*What the exercise asks*:
In the records below, find the line with "Selling a Salton" and repeat exactly every line from it through the line with "Alcadrain WC set". Pictures stay out.

*Records supplied*:
• • •
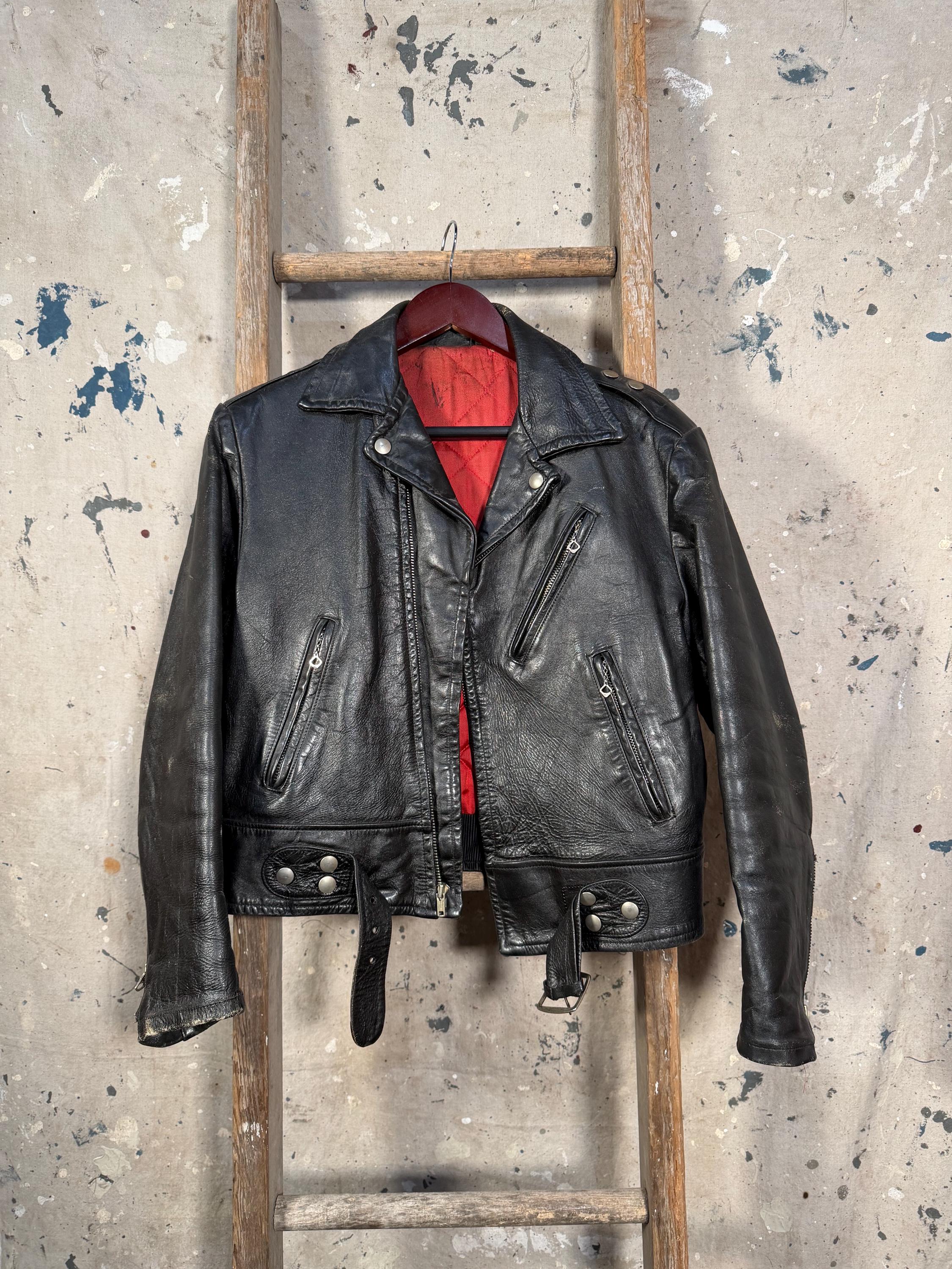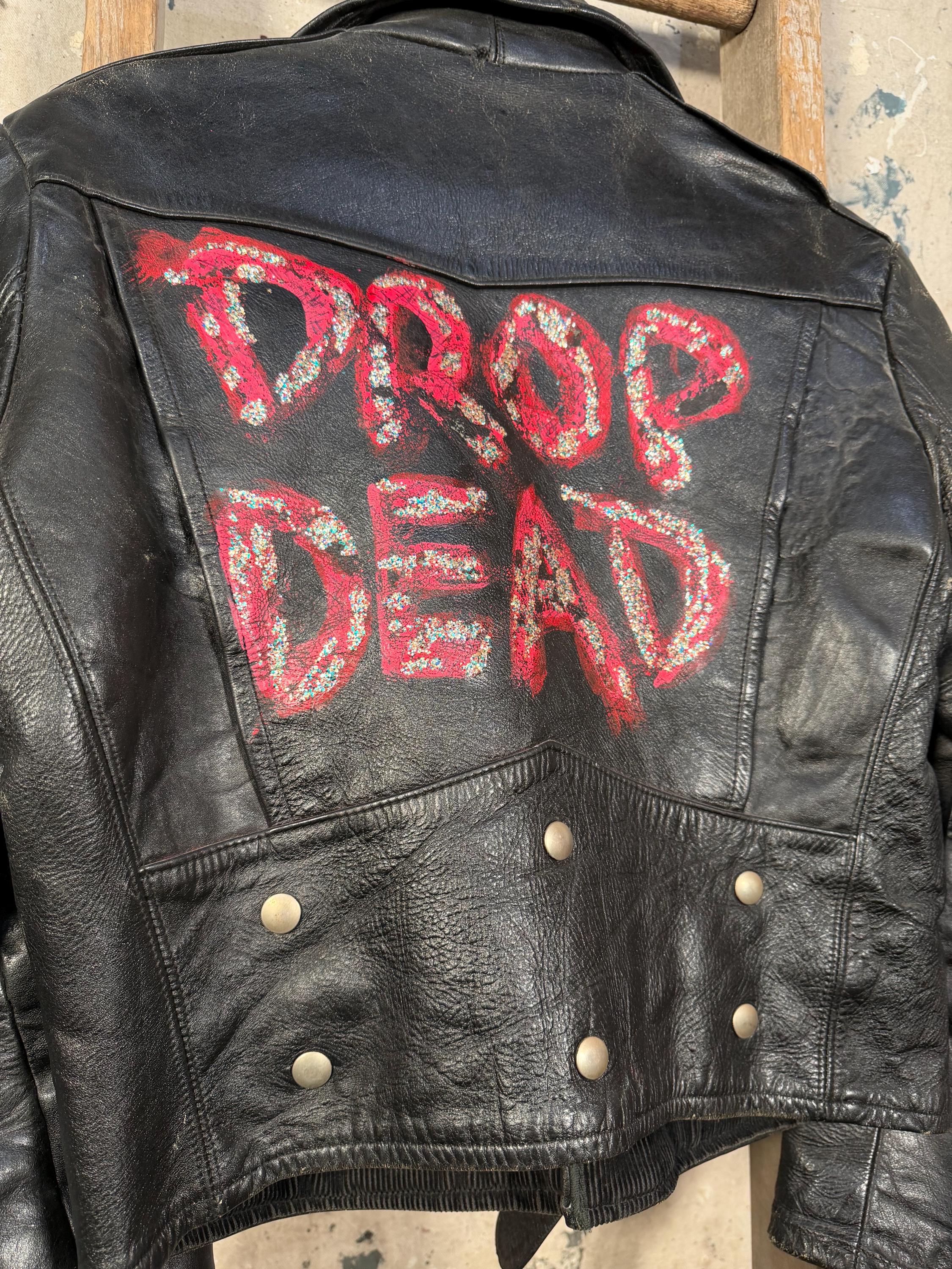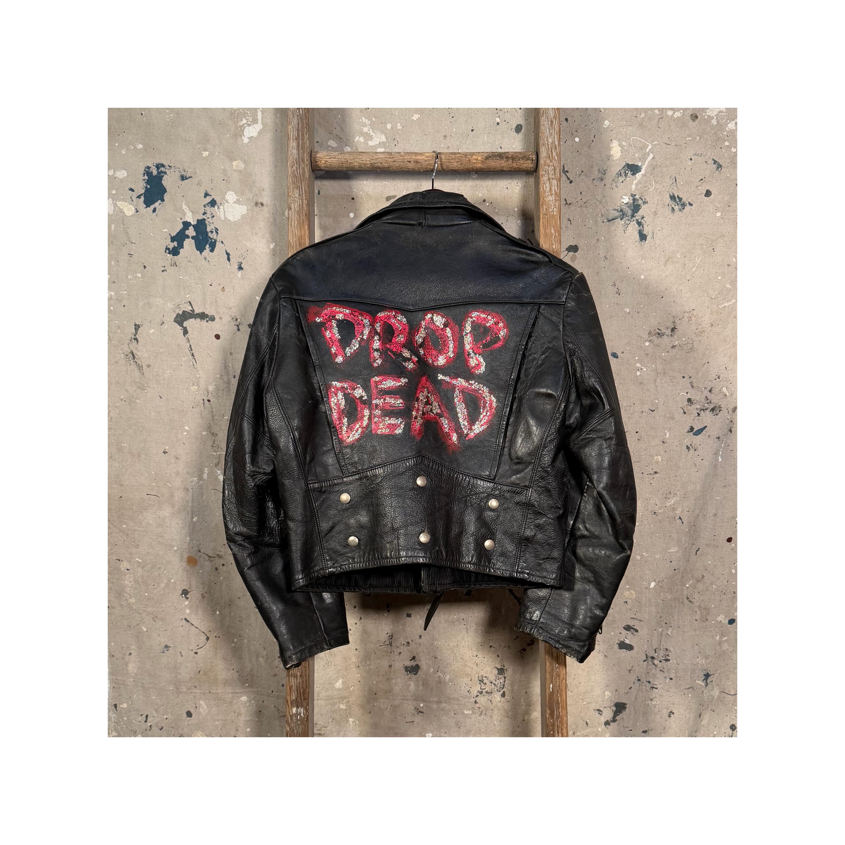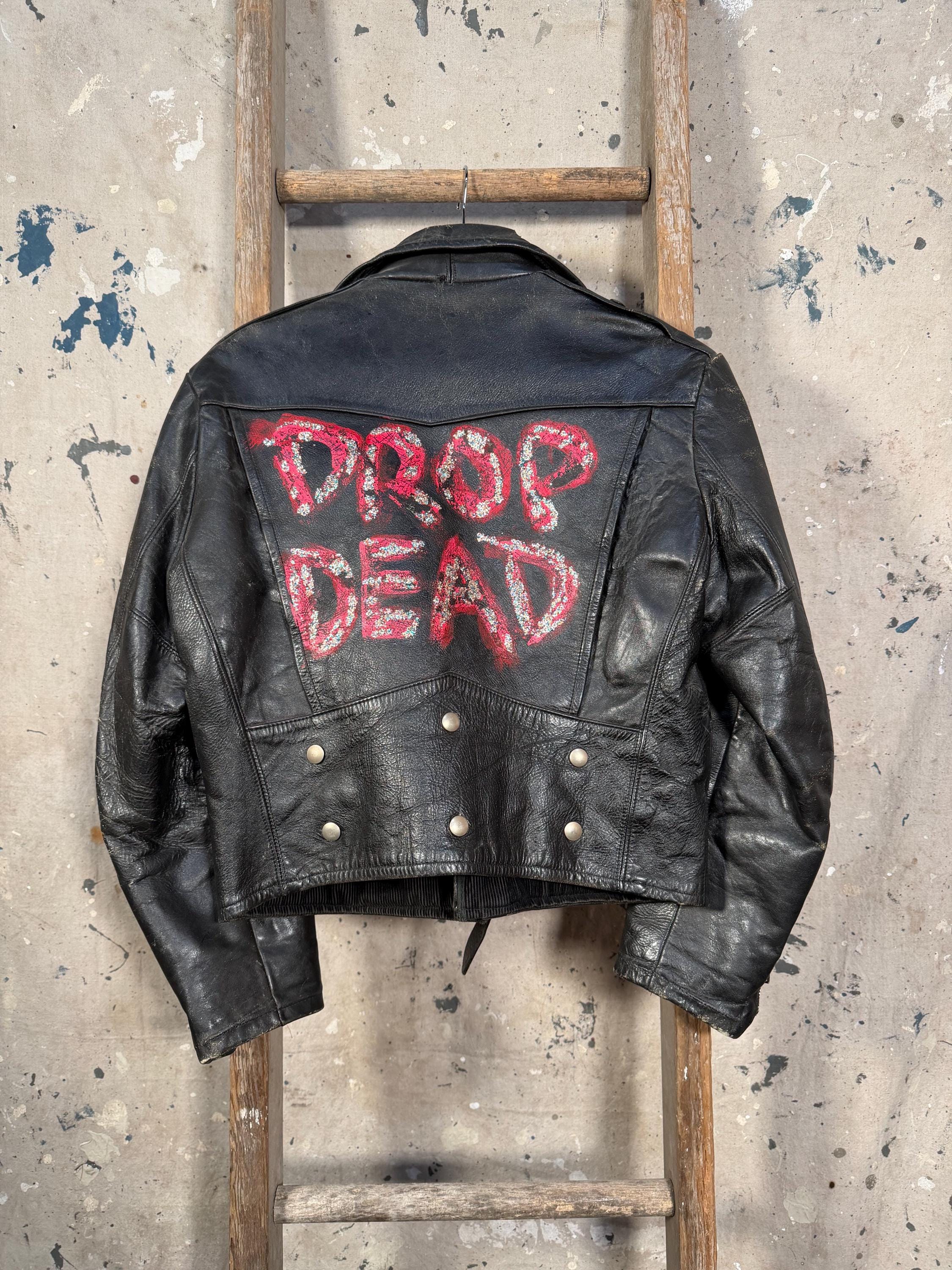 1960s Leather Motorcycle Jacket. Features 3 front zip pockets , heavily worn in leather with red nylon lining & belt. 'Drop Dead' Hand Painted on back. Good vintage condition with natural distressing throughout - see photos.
• • •
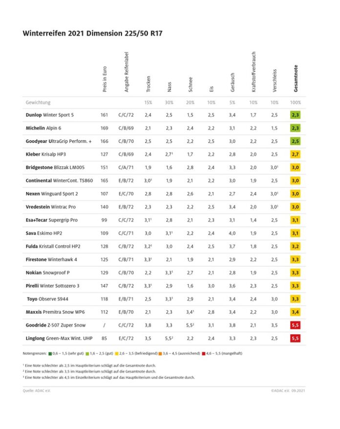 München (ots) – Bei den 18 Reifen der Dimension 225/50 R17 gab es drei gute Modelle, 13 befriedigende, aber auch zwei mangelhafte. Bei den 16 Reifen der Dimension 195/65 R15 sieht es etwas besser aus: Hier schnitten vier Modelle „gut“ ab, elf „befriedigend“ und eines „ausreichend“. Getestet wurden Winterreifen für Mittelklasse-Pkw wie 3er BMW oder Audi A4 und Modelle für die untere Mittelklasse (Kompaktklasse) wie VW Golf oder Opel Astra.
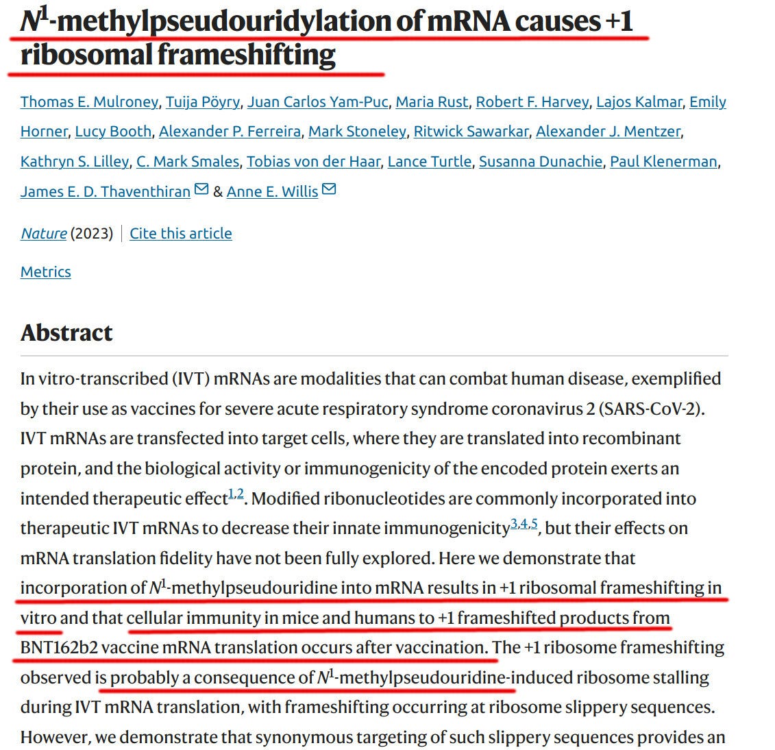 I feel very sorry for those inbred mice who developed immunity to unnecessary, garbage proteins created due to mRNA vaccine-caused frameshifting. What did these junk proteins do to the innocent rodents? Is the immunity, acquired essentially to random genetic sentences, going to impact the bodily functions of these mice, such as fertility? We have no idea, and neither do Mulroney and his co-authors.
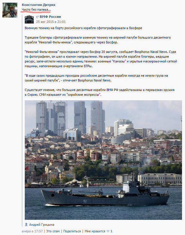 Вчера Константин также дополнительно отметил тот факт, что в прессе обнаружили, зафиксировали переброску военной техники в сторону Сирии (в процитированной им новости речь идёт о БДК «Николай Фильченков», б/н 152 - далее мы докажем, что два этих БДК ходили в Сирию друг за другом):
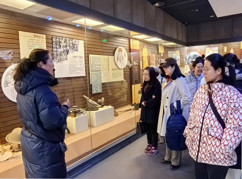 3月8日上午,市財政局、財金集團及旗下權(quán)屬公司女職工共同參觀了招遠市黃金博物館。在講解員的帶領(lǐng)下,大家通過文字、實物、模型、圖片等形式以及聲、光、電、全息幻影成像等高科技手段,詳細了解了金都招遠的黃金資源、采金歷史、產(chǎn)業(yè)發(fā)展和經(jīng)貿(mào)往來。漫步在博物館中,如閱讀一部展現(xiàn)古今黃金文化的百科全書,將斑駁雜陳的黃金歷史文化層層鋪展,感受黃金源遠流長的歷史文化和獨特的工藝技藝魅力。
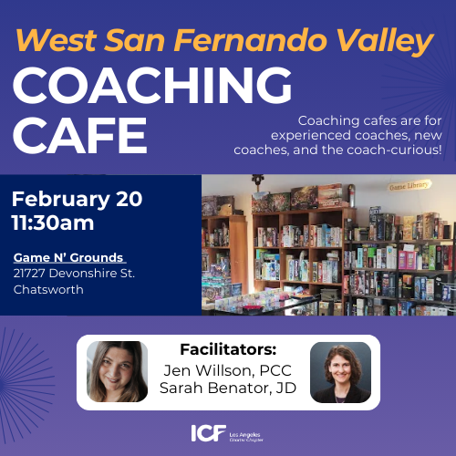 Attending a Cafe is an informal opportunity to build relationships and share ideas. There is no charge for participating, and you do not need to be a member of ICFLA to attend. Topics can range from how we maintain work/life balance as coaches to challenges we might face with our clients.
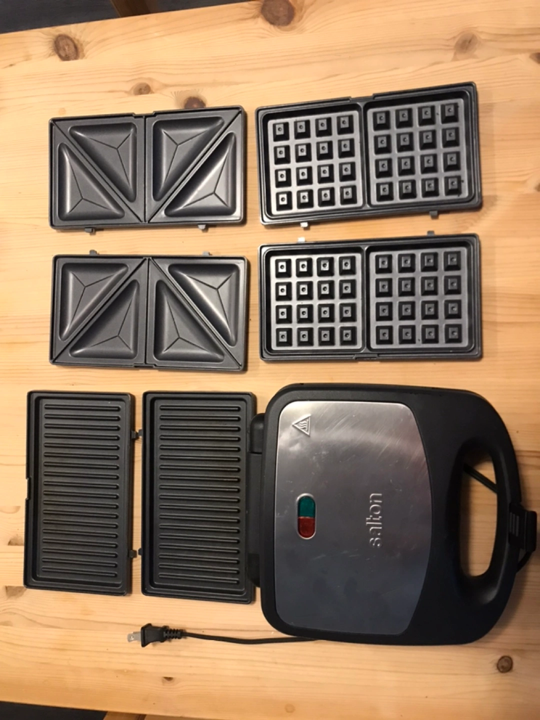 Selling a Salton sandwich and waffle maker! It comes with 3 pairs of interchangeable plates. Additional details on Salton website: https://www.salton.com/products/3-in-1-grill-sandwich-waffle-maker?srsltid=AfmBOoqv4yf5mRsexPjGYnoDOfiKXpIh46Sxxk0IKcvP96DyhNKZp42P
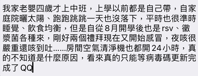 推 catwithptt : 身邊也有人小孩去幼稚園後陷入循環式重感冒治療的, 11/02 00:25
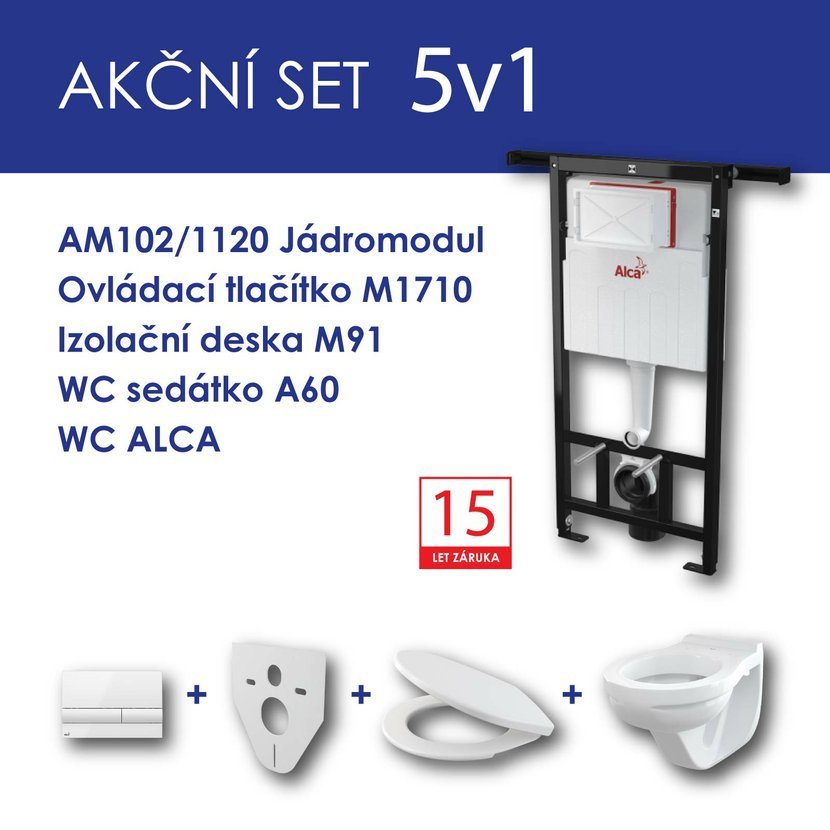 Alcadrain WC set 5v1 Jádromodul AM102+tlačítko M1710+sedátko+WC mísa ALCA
• • •
*Exercise response*:
 Selling a Salton sandwich and waffle maker! It comes with 3 pairs of interchangeable plates. Additional details on Salton website: https://www.salton.com/products/3-in-1-grill-sandwich-waffle-maker?srsltid=AfmBOoqv4yf5mRsexPjGYnoDOfiKXpIh46Sxxk0IKcvP96DyhNKZp42P
 推 catwithptt : 身邊也有人小孩去幼稚園後陷入循環式重感冒治療的, 11/02 00:25
 Alcadrain WC set 5v1 Jádromodul AM102+tlačítko M1710+sedátko+WC mísa ALCA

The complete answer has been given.